Exactly reproduce all the records, keeping pictures out of the copy.

(Stored records)
== Segment start ==

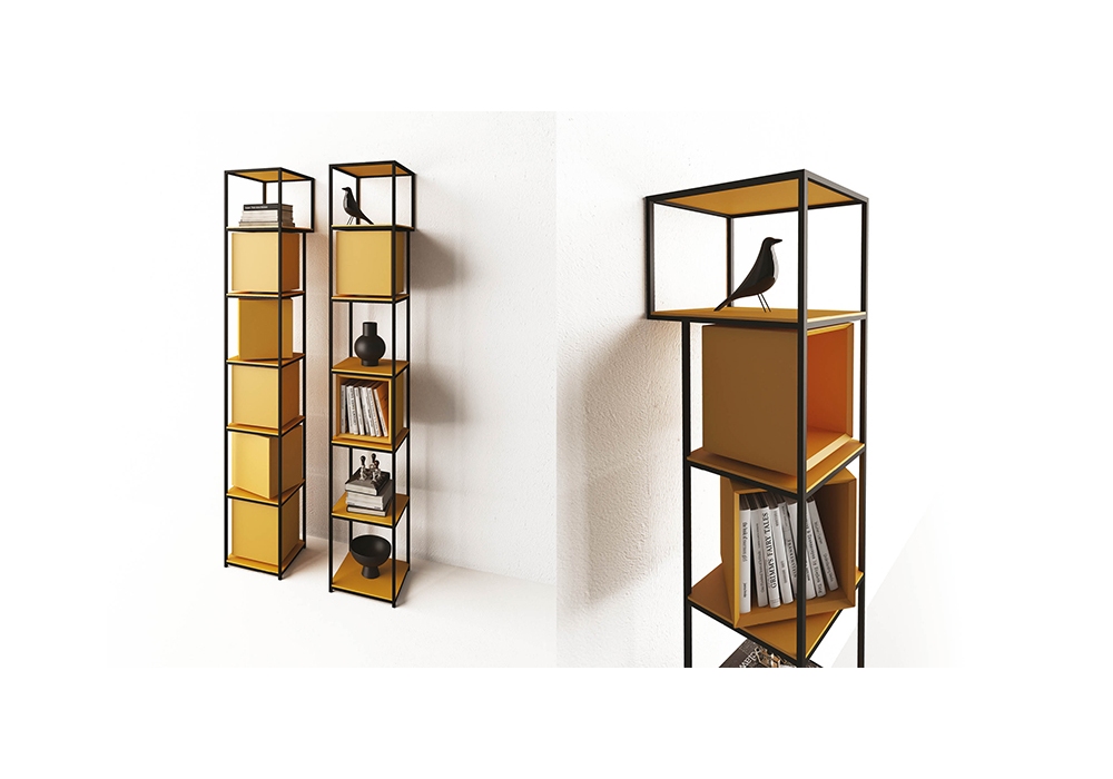 Formosa von DSH für Minotti Italia entworfen, ist ein Hochschrank mit an der Wand zu befestigender Eisenrohrstruktur, anthrazit geprägte Oberfläche, Regale in verschiedenen Farben erhältlich. Möglichkeit, drehbare Behälter hinzuzufügen. Zwei Größen erhältlich.
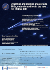 Daha fazlasını bul »Akdeniz Üniversitesi Uzay Bilimleri ve Teknolojileri Bölümü'nün düzenlediği "Dynamics and Physics Of Asteroids, TNOs and Natural Satellites in the New Era of GAIA Data" adlı çalıştay 4-6 Eylül 2019 tarihlerinde Akdeniz Üniversitesi'nde gerçekleştirilecektir. Uluslararası nitelikte düzenlenen çalıştayın dili İngilizcedir. Çalıştayda Güneş Sistemi'ndeki asteroid, küçük gezegen ve uydular gibi küçük cisimler ele alınacaktır. Türk Astronomi Derneği'nin de destek verdiği çalıştay hakkında daha fazla bilgi çalıştay websitesinden alınabilir.
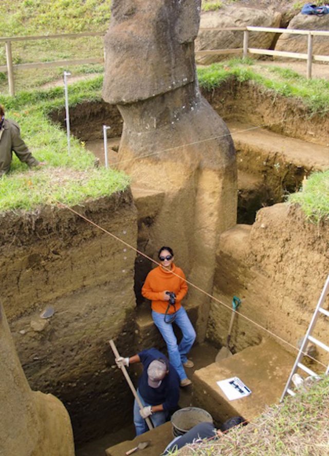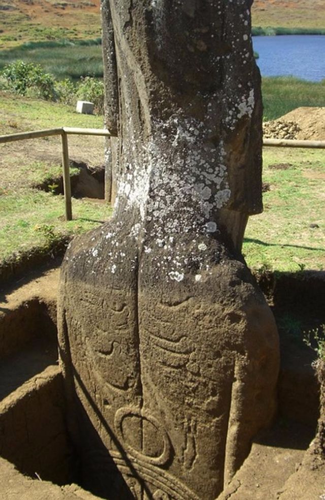 Archaeologists have studied the statues on the island for about a century, and have actually known about the hidden bodies since the earliest excavations in 1914. The first photographs of the hidden torsos emerged in 2012, two years after Jo Anne Van Tilburg, director of the Easter Island Statue Project, began excavating the monoliths with the help of local Rapa Nui people. These amazing pictures below show moment archaeologists discovered Easter Island statues were covered in tattoos:
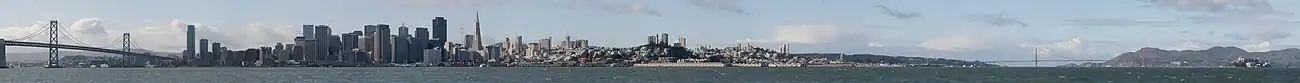 Muchos de los edificios más altos de San Francisco, particularmente los rascacielos de oficinas,[4]​ fueron completados en un gran boom de construcción de edificios que se extendió desde finales de la década de 1960 hasta finales de la de 1980.[5]​ Este boom fue apodado "ola de Manhattanización" por los habitantes de la ciudad, conduciendo a la legislación local a establecer algunos de los requisitos de límite de altura más estrictos del país.[6]​ Esto condujo a una reducción en la construcción de rascacielos durante los años 1990, pero la construcción de edificios más altos ha sido continuada recientemente, al relajarse y pasarse por alto los requisitos en la altura de los edificios a la luz de la reciente actividad económica. La ciudad está atravesando actualmente un segundo boom, con 34 edificios de más de 122 m de altura propuestos , aprobados o en construcción en la ciudad. San Francisco alberga 21 rascacielos con una altura superior a 150 m. En conjunto, el skyline de San Francisco está clasificado (según edificios construidos y en construcción de más de 150 m de altura) segundo en la Costa Oeste de Estados Unidos (tras Los Ángeles) y séptimo en Estados Unidos, después de Nueva York, Chicago, Miami, Los Ángeles, Houston y Dallas.[n. 1]
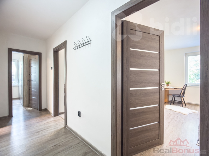 Exkluzivně nabízím k prodeji byt 3+1/L o výměře 75 m2 v osobním vlastnictví (s družstevním financováním), v 1. NP bytového domu (pouze 4 byty) v klidné lokalitě obce Nučice, okr. Praha - západ. Byt je po kompletní rekonstrukci (zděné jádro, nové podlahy, kuchyňská linka se spotřebiči, plastová okna, plynový kotel, elektrický boiler..). Byt má tři neprůchozí pokoje, dvě ložnice, obývací pokoj se vstupem na lodžii a kuchyni s oknem, koupelnu se sprchovým koutem a oddělenou toaletou. Na podlahách v pokojích, kuchyni a chodbě je vinyl, v koupelně je dlažba. V kuchyni je kuchyňská linka se spotřebiči (myčka, elektrický sporák s troubou, lednice s mrazákem, MVT, digestoř). Vytápění bytu je plynovým kotlem umístěným v bytě a ohřev vody zajišťuje elektrický bojler v suterénu domu. Byt je nabízen včetně vybavení. K bytu náleží sklepní kóje v suterénu domu a další místnosti, které je možno využít pro uložení věcí. Dále je k dispozici kolárna a společná sušárna se sušičkou a prostorem na pračku. Okna jsou plastová. K bytu náleží pozemek (zahrada) 190 m2. Byt se nachází ve velmi žádané a klidné lokalitě s veškerou občanskou vybaveností - v těsné blízkosti škola, školka (cca 10 minut pěšky), obchody, pošta, restaurace. Před domem jsou dětská hřiště, sportoviště, workoutové hřiště (cca 12 minut pěšky), výhled z oken je na zeleň mezi domy. Zastávka BUS směr Praha - Zličín je před domem (2 min chůze), vlak 3 minuty autem, Zličín - metro 11 minut autem. Byt je vhodný k bydlení i jako investice. Pokud hledáte bydlení v dosahu přírody a zároveň v blízkosti Prahy, tato nemovitost splňuje oboje. Doporučuji. Byt je možno financovat úvěrem, který vám rádi zařídíme. V případě většího počtu zájemců bude nemovitost nabízena formou aukce. Pokud Vás tato nabídka zaujala, pro více informací a domluvení prohlídky neváhejte kontaktovat makléřku.

== Segment end ==

▶ _The completed task_:
 Formosa von DSH für Minotti Italia entworfen, ist ein Hochschrank mit an der Wand zu befestigender Eisenrohrstruktur, anthrazit geprägte Oberfläche, Regale in verschiedenen Farben erhältlich. Möglichkeit, drehbare Behälter hinzuzufügen. Zwei Größen erhältlich.
 Daha fazlasını bul »Akdeniz Üniversitesi Uzay Bilimleri ve Teknolojileri Bölümü'nün düzenlediği "Dynamics and Physics Of Asteroids, TNOs and Natural Satellites in the New Era of GAIA Data" adlı çalıştay 4-6 Eylül 2019 tarihlerinde Akdeniz Üniversitesi'nde gerçekleştirilecektir. Uluslararası nitelikte düzenlenen çalıştayın dili İngilizcedir. Çalıştayda Güneş Sistemi'ndeki asteroid, küçük gezegen ve uydular gibi küçük cisimler ele alınacaktır. Türk Astronomi Derneği'nin de destek verdiği çalıştay hakkında daha fazla bilgi çalıştay websitesinden alınabilir.
 Archaeologists have studied the statues on the island for about a century, and have actually known about the hidden bodies since the earliest excavations in 1914. The first photographs of the hidden torsos emerged in 2012, two years after Jo Anne Van Tilburg, director of the Easter Island Statue Project, began excavating the monoliths with the help of local Rapa Nui people. These amazing pictures below show moment archaeologists discovered Easter Island statues were covered in tattoos:
 Muchos de los edificios más altos de San Francisco, particularmente los rascacielos de oficinas,[4]​ fueron completados en un gran boom de construcción de edificios que se extendió desde finales de la década de 1960 hasta finales de la de 1980.[5]​ Este boom fue apodado "ola de Manhattanización" por los habitantes de la ciudad, conduciendo a la legislación local a establecer algunos de los requisitos de límite de altura más estrictos del país.[6]​ Esto condujo a una reducción en la construcción de rascacielos durante los años 1990, pero la construcción de edificios más altos ha sido continuada recientemente, al relajarse y pasarse por alto los requisitos en la altura de los edificios a la luz de la reciente actividad económica. La ciudad está atravesando actualmente un segundo boom, con 34 edificios de más de 122 m de altura propuestos , aprobados o en construcción en la ciudad. San Francisco alberga 21 rascacielos con una altura superior a 150 m. En conjunto, el skyline de San Francisco está clasificado (según edificios construidos y en construcción de más de 150 m de altura) segundo en la Costa Oeste de Estados Unidos (tras Los Ángeles) y séptimo en Estados Unidos, después de Nueva York, Chicago, Miami, Los Ángeles, Houston y Dallas.[n. 1]
 Exkluzivně nabízím k prodeji byt 3+1/L o výměře 75 m2 v osobním vlastnictví (s družstevním financováním), v 1. NP bytového domu (pouze 4 byty) v klidné lokalitě obce Nučice, okr. Praha - západ. Byt je po kompletní rekonstrukci (zděné jádro, nové podlahy, kuchyňská linka se spotřebiči, plastová okna, plynový kotel, elektrický boiler..). Byt má tři neprůchozí pokoje, dvě ložnice, obývací pokoj se vstupem na lodžii a kuchyni s oknem, koupelnu se sprchovým koutem a oddělenou toaletou. Na podlahách v pokojích, kuchyni a chodbě je vinyl, v koupelně je dlažba. V kuchyni je kuchyňská linka se spotřebiči (myčka, elektrický sporák s troubou, lednice s mrazákem, MVT, digestoř). Vytápění bytu je plynovým kotlem umístěným v bytě a ohřev vody zajišťuje elektrický bojler v suterénu domu. Byt je nabízen včetně vybavení. K bytu náleží sklepní kóje v suterénu domu a další místnosti, které je možno využít pro uložení věcí. Dále je k dispozici kolárna a společná sušárna se sušičkou a prostorem na pračku. Okna jsou plastová. K bytu náleží pozemek (zahrada) 190 m2. Byt se nachází ve velmi žádané a klidné lokalitě s veškerou občanskou vybaveností - v těsné blízkosti škola, školka (cca 10 minut pěšky), obchody, pošta, restaurace. Před domem jsou dětská hřiště, sportoviště, workoutové hřiště (cca 12 minut pěšky), výhled z oken je na zeleň mezi domy. Zastávka BUS směr Praha - Zličín je před domem (2 min chůze), vlak 3 minuty autem, Zličín - metro 11 minut autem. Byt je vhodný k bydlení i jako investice. Pokud hledáte bydlení v dosahu přírody a zároveň v blízkosti Prahy, tato nemovitost splňuje oboje. Doporučuji. Byt je možno financovat úvěrem, který vám rádi zařídíme. V případě většího počtu zájemců bude nemovitost nabízena formou aukce. Pokud Vás tato nabídka zaujala, pro více informací a domluvení prohlídky neváhejte kontaktovat makléřku.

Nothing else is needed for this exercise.